09 August 2010

Quotation by JOHN MILTON (1608-1674)

"What needs my Shakespeare..." | Dictionary.com
What needs my Shakespeare for his honored bones
The labor of an age in piled stones?
Or that his hallowed relics should be hid
Under a stary pointing pyramid?
Dear son of memory, great heir of fame,
What need'st thou such weak witness of thy name?
Thou in our wonder and astonishment
Has built thyself a livelong monument.
For whilst, to the shame of slow-endeavoring art,
Thy easy numbers flow, and that each heart
Hath from the leaves of thy unvalued book
These Delphic lines with deep impression took;
Then though, our fancy of itself bereaving,
Dost make us marble with too much conceiving,
And so sepulchred in such pomp dost lie
That kings for such a tomb would wish to die.
JOHN MILTON (1608-1674), On Shakespeare (ll. 1-16),
The Complete Poetry of John Milton, John T. Shawcross, ed. 
(1963, rev. ed. 1971) Doubleday.
JOHN MILTON (1608-1674)
www.rightwords.eu
[Artist/Date Unknown]

These few first lines of Milton's poignant, telling tribute to the pomp & circumstance in which Shakespeare's fanatic followers celebrate the canon of his creative works, argue in closing "that kings for such a tomb would wish to die" (l. 16). How properly and poignantly put!! Any latter icons of cultural and/or literary achievement sh/would find immense honor were they to acquire nearly just an ounce of the same sort of literary acclaim, stature or prestige as that right noble playwright, the irrefutably genius author of the Elizabethan classics in dramatic literature: Will. Shakespeare!!

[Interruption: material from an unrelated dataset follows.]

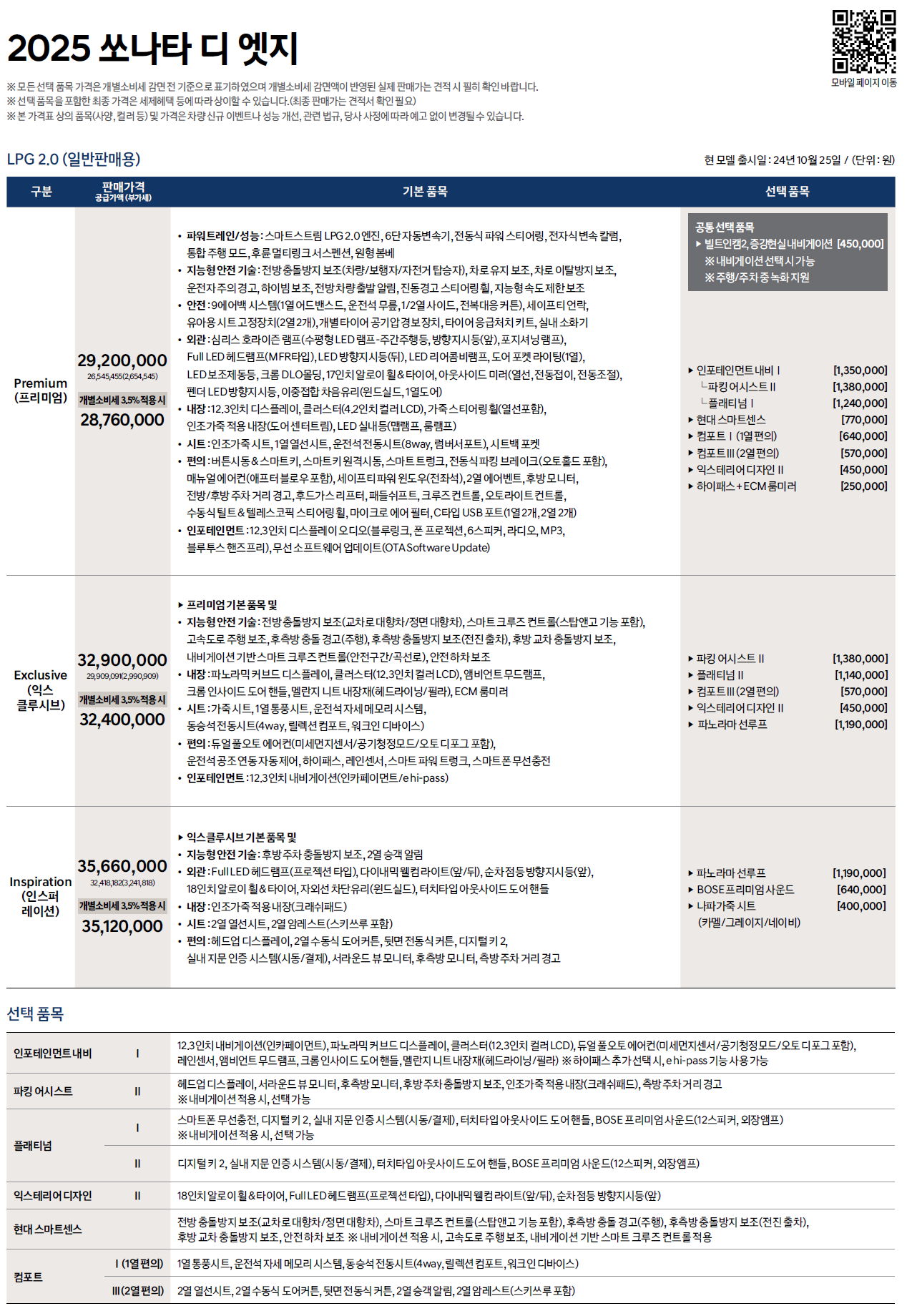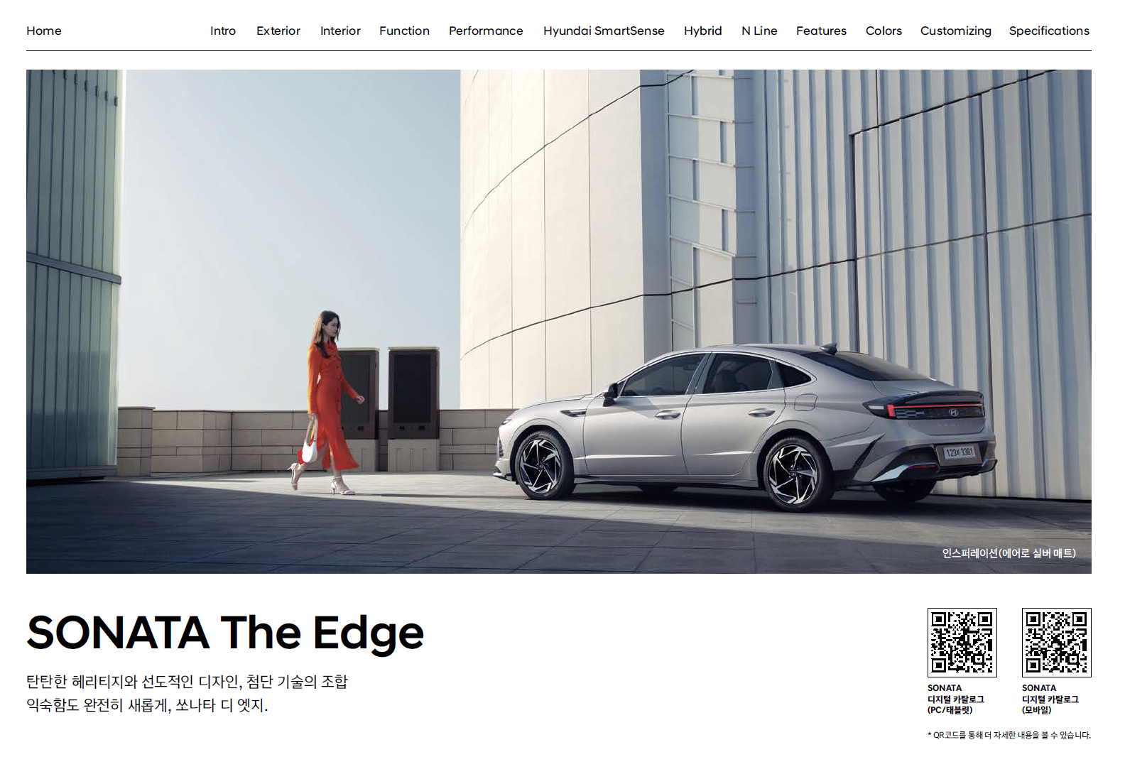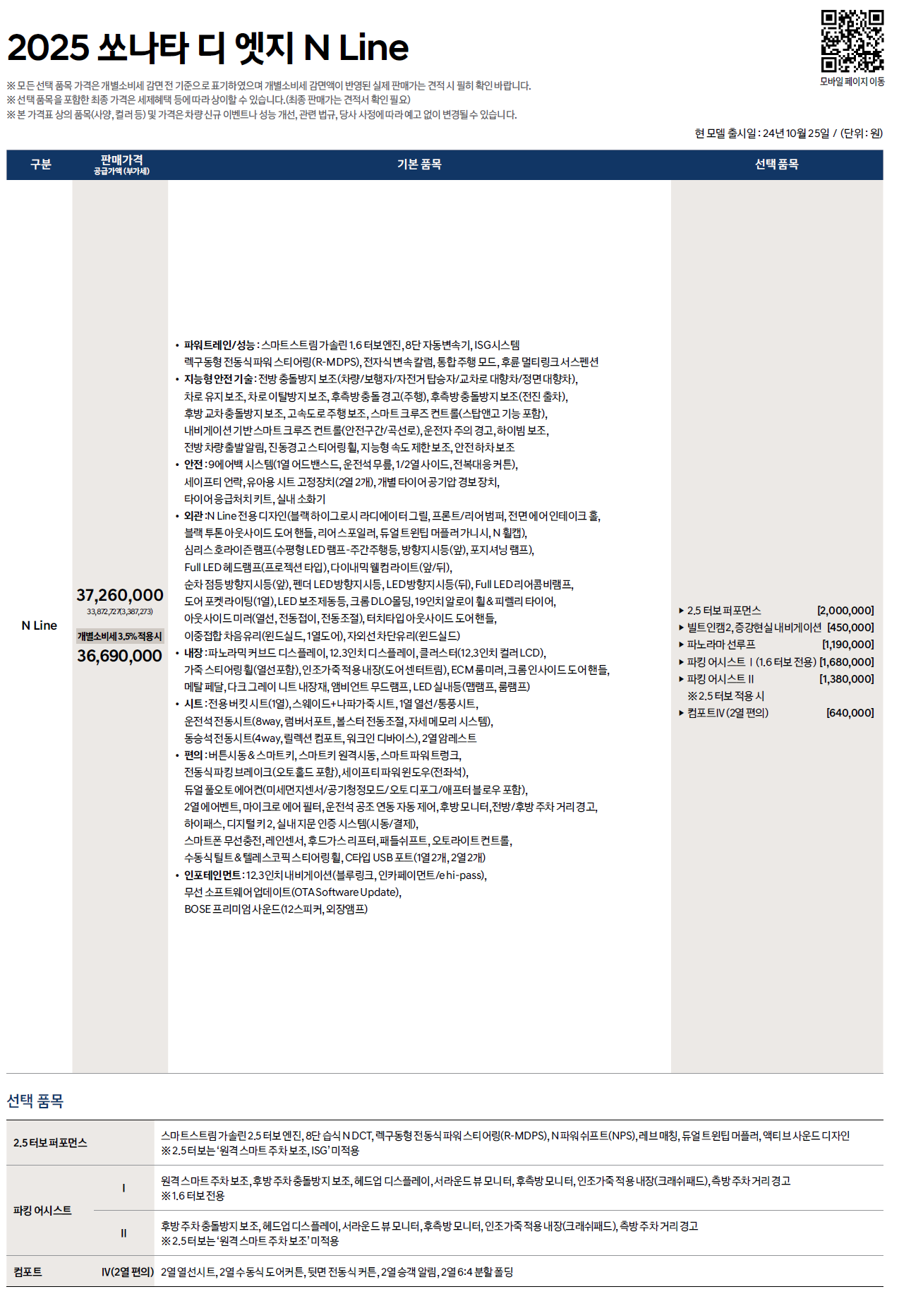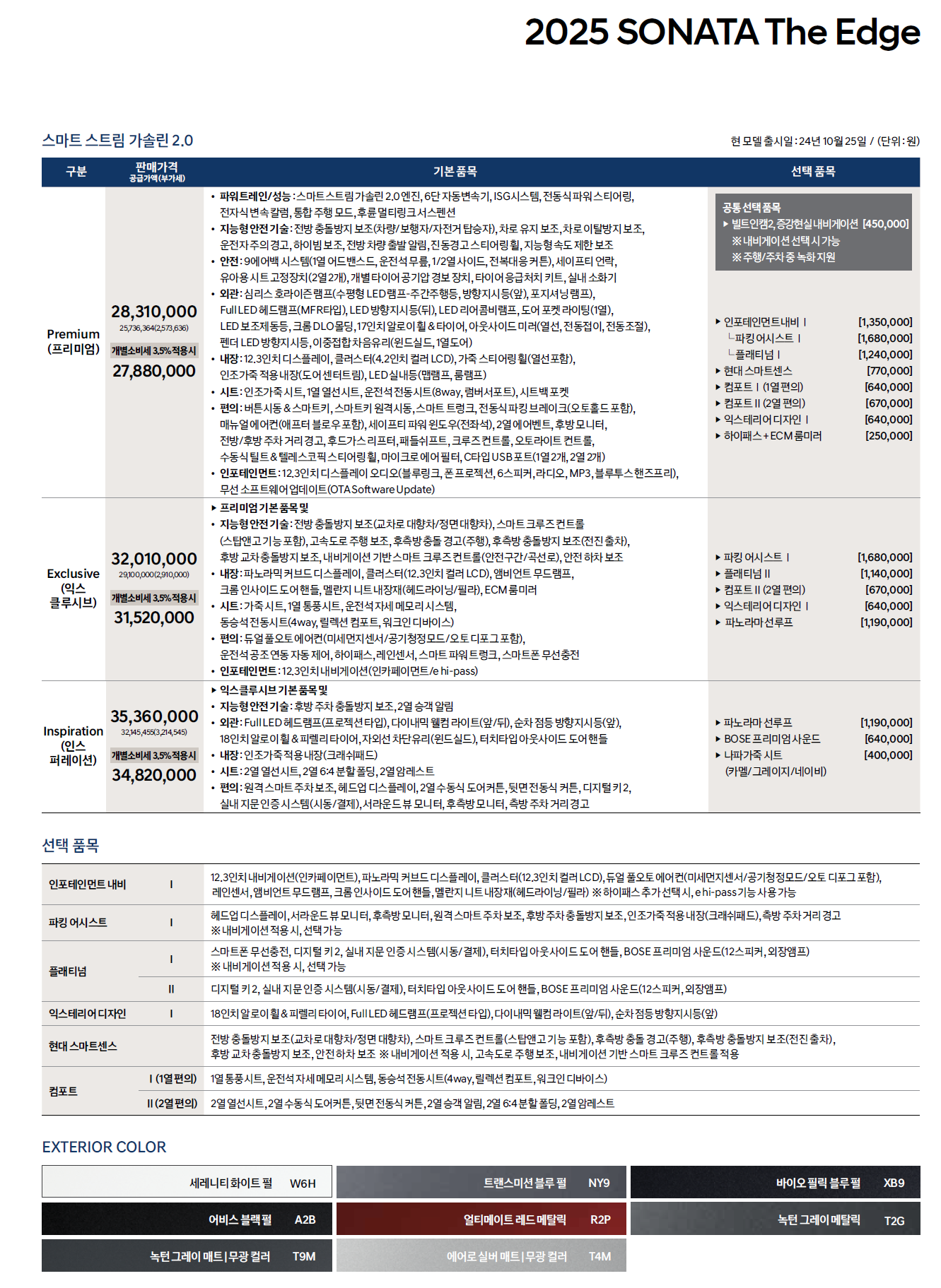 <2025년 현대 쏘나타 디 엣지 카탈로그 및 가격표 및 옵션>

Few have, can or could contrive to match the magnitudinous immensity of impact imparted by him, the superhuman hallowed hero of the written stage (dites: "SHAKESPEARE!!"), onto not his culture & society alone, but as well upon each and every dutifully devout and dioramic disciple cultures deliberately deemed admiring adherents or analogues to this genius progenitor to such sumptuously sophisticated literary style(s) of global generic scale.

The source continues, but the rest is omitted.